Lawendy, Abdel-Rahman



Hip and femur fractures are a common problem in an aging population. The number of hip and femur fractures are on the rise in Canada. Cephalomedullary fixation is a common method of treating hip and femur fractures, with a known complication of anterior cortical perforation of the distal femur. The literature describes risk factors, such as the influence of the start point at the greater trochanter, but there is no consensus on management. Some cases are treated with restricted weightbearing and other cases with revision surgery. Restricted weightbearing increases perioperative complications including mortality and decreases functional outcomes.

We analyze the effect of an anterior, neutral, and posterior start point on the axial, bending, and torsional stiffness of the femur along with the proximal and distal stresses in axial stiffness. We also compare a femur with an anterior cortical perforation of the distal femur.

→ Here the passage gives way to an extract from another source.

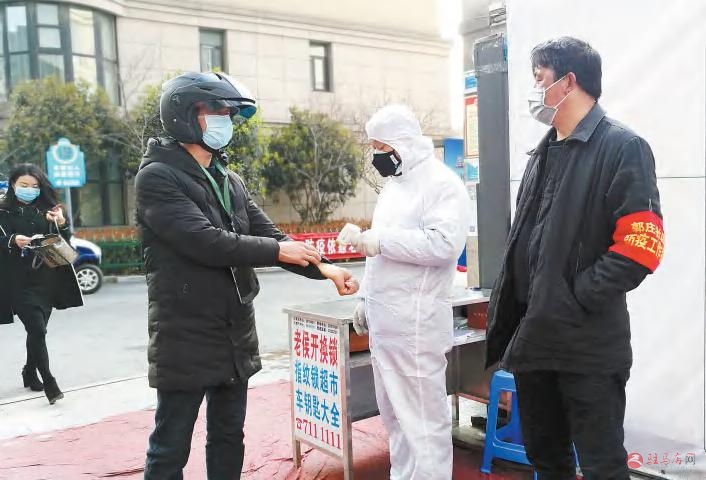 3月11日,在开发区金河办事处郭庄社区鹏宇天下城小区,防控人员为出小区的业主测量体温。疫情发生以来,鹏宇天下城小区始终严格坚持进出人员登记、体温测量、公共场所消毒等措施,毫不放松抓防控,筑牢疫情防控的最后一道防线。

The posterior start point has increased sagittal stiffness compared to the neutral and anterior start points. There is no difference in axial, coronal bending, or torsional stiffness, or proximal or distal stresses. Between a femur with a posterior start point with perforation or without perforation, there is no difference in axial, bending, or torsional stiffness or proximal or distal stresses.

A case report is presented of an 89 year old woman with a basicervical fracture who underwent cephalomedullary nail fixation and suffered an anterior cortical perforation of the distal femur. Her weightbearing was not restricted postoperatively and she was ambulating at 6 weeks. She did not fracture at the perforation.

Summary for Lay Audience

Femur and hip fractures are a common problem in an aging population such as Canada. Allowing patients to move soon after surgery is an important goal of the care of hip fracture patients. The choice of surgery for hip fractures depends on the pattern of the fracture. One of the options involves a rod going into the main portion of the femur and a screw going into the head of the femur. This is called a cephalomedullary nail.

The positioning of each of the components of the cephalomedullary nail is critical to the success of the surgery. One complication of the the surgery is having the tip of the nail break through the front wall of the femur. The average femur has a curve, which may be more curved than many nails. Depending on the position of the nail, the risk of perforation caused by the tip breaking through the front wall may increase.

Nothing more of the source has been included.